MAGAO CAVES , CHINA
MOGAO CAVES, CHINA
The Magao Caves, also known as the Caves of the Thousand Buddha’s,
form a system of 492 temples 25 km southeast of the center of Dunhuang, an
oasis strategically located at a religious and cultural crossroads on the Silk
Road, in Gansu province, China.
The caves may also be known as the Dunhuang Caves, however, this term is also used as a
collective term to include other Buddhist caves sites in the Dunhuang area,
such as the Western Thousand Buddha Caves, and the Yulin Caves farther away.
The site was listed in Unesco World Heritage Sites in 1987.
The Magao Caves encompass wall paintings, painted sculptures,
ancient architecture, movable cultural relics and their settings. These sites
contain some of the finest examples of Buddhist art spanning a period of 1,000
years.
The first caves were dug out in 366 CE as places of Buddhist
meditation and worship. These caves are the best known of the Chinese Buddhist
grottoes and, along with the Longmen Grottoes and Yungang Grottoes, are one of
the three famous ancient Buddhist sculptural sites of China.
During late 19th century and early 20th
century, Western explorers began to show interest in the ancient Silk Road and
the lost cities of Central Asia, and those who passed through Dunhuang noted the murals and artifacts such as the
Stele of Sulaiman at Mogao.

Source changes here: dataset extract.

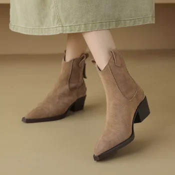 Women’s Suede Ankle Boots with Square Heel and Pointed Toe
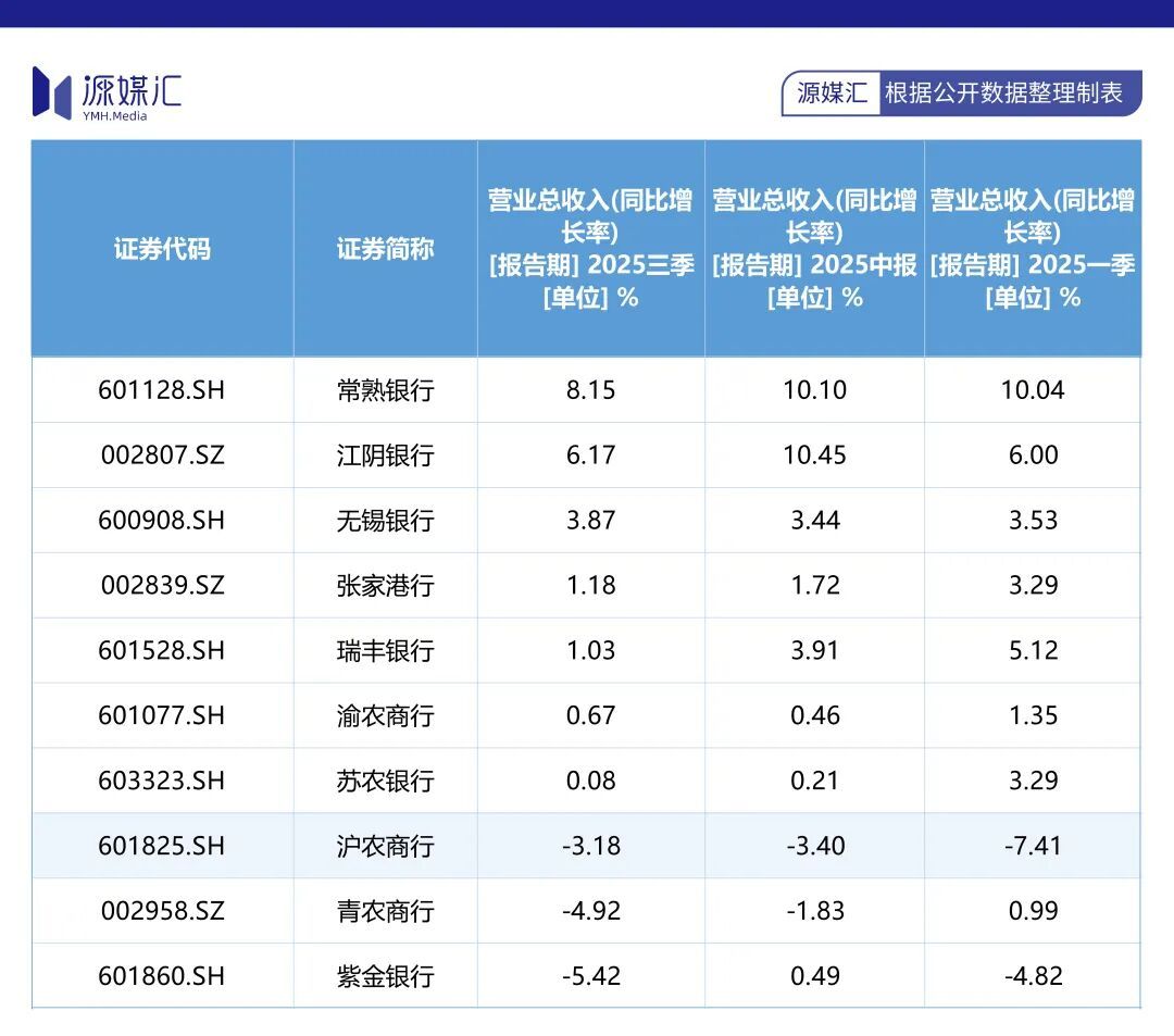 2025年一季度,沪农商行的营收同比下降7.41%,上半年同比下降3.40%,前三季度降幅收窄至3.18%,看似回暖,实则在10家A股上市农商行中排名垫底,成为唯一连续三个报告期营收负增长的A股上市农商行。

The biggest discovery, however, came from a Chinese
Taoist named Wang Yuanlu who appointed
himself guardian of some of these temples around the turn of the century.
The discovery of the Library Cave at the Magao Caves in 1990,
together with tens of thousands of manuscripts and relics it contained, has
been acclaimed as the world’s greatest discovery of ancient Oriental culture.
This heritage site provides invaluable reference for studying the complex
history of ancient China and Central Asia.